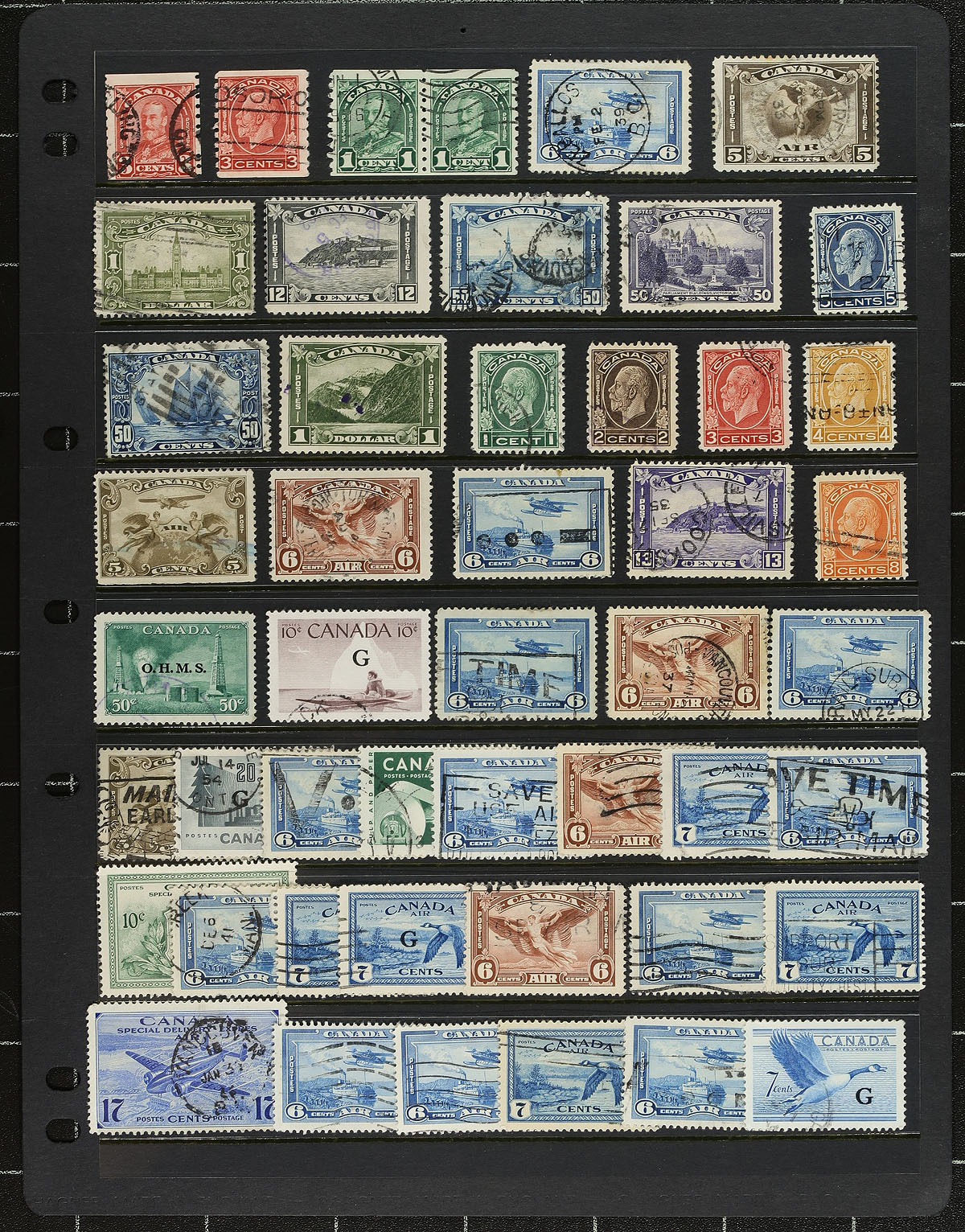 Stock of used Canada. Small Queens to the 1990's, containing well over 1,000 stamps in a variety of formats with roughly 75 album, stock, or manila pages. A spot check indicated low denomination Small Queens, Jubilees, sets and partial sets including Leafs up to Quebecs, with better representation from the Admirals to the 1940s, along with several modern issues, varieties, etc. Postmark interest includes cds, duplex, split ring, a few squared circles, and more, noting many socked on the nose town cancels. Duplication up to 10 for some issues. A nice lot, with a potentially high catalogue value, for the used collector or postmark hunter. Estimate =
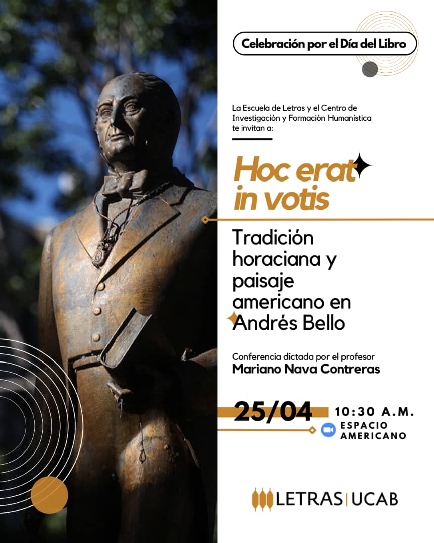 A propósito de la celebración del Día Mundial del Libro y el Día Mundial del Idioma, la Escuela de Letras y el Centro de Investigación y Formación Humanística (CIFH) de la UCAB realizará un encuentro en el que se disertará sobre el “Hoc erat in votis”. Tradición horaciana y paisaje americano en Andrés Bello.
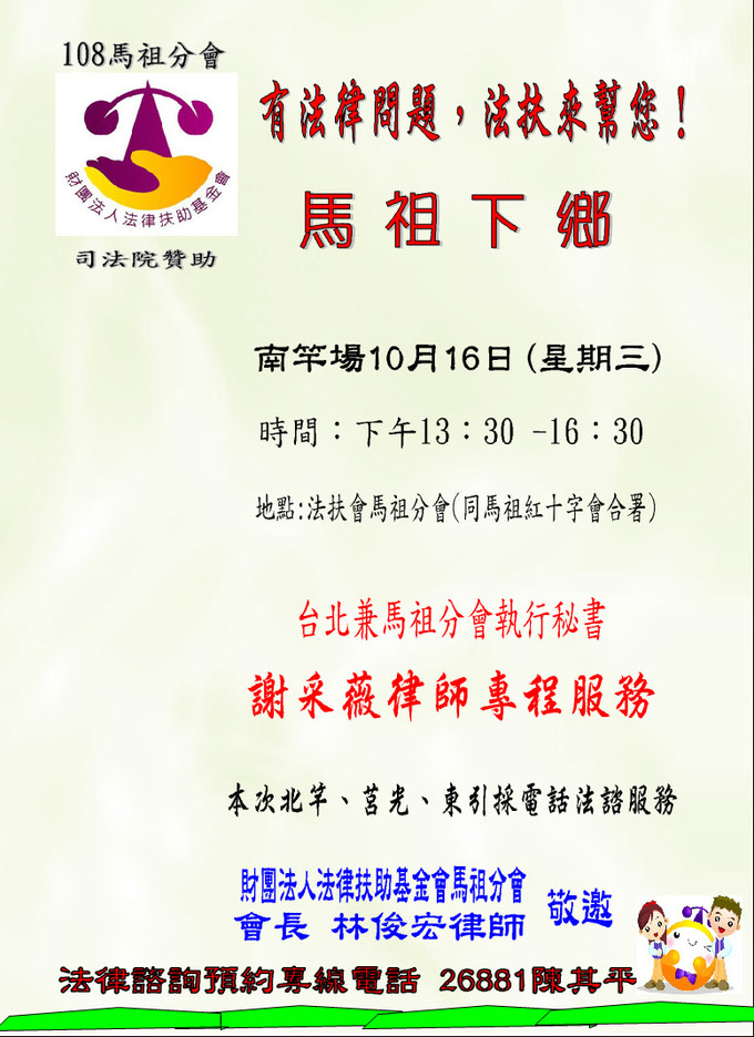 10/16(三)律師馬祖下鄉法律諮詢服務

-- TASK TO CARRY OUT --
The answer should be the full material above, printed exactly, with no pictures in it.

-- PROBLEM SOLUTION --
 Stock of used Canada. Small Queens to the 1990's, containing well over 1,000 stamps in a variety of formats with roughly 75 album, stock, or manila pages. A spot check indicated low denomination Small Queens, Jubilees, sets and partial sets including Leafs up to Quebecs, with better representation from the Admirals to the 1940s, along with several modern issues, varieties, etc. Postmark interest includes cds, duplex, split ring, a few squared circles, and more, noting many socked on the nose town cancels. Duplication up to 10 for some issues. A nice lot, with a potentially high catalogue value, for the used collector or postmark hunter. Estimate =
 A propósito de la celebración del Día Mundial del Libro y el Día Mundial del Idioma, la Escuela de Letras y el Centro de Investigación y Formación Humanística (CIFH) de la UCAB realizará un encuentro en el que se disertará sobre el “Hoc erat in votis”. Tradición horaciana y paisaje americano en Andrés Bello.
 10/16(三)律師馬祖下鄉法律諮詢服務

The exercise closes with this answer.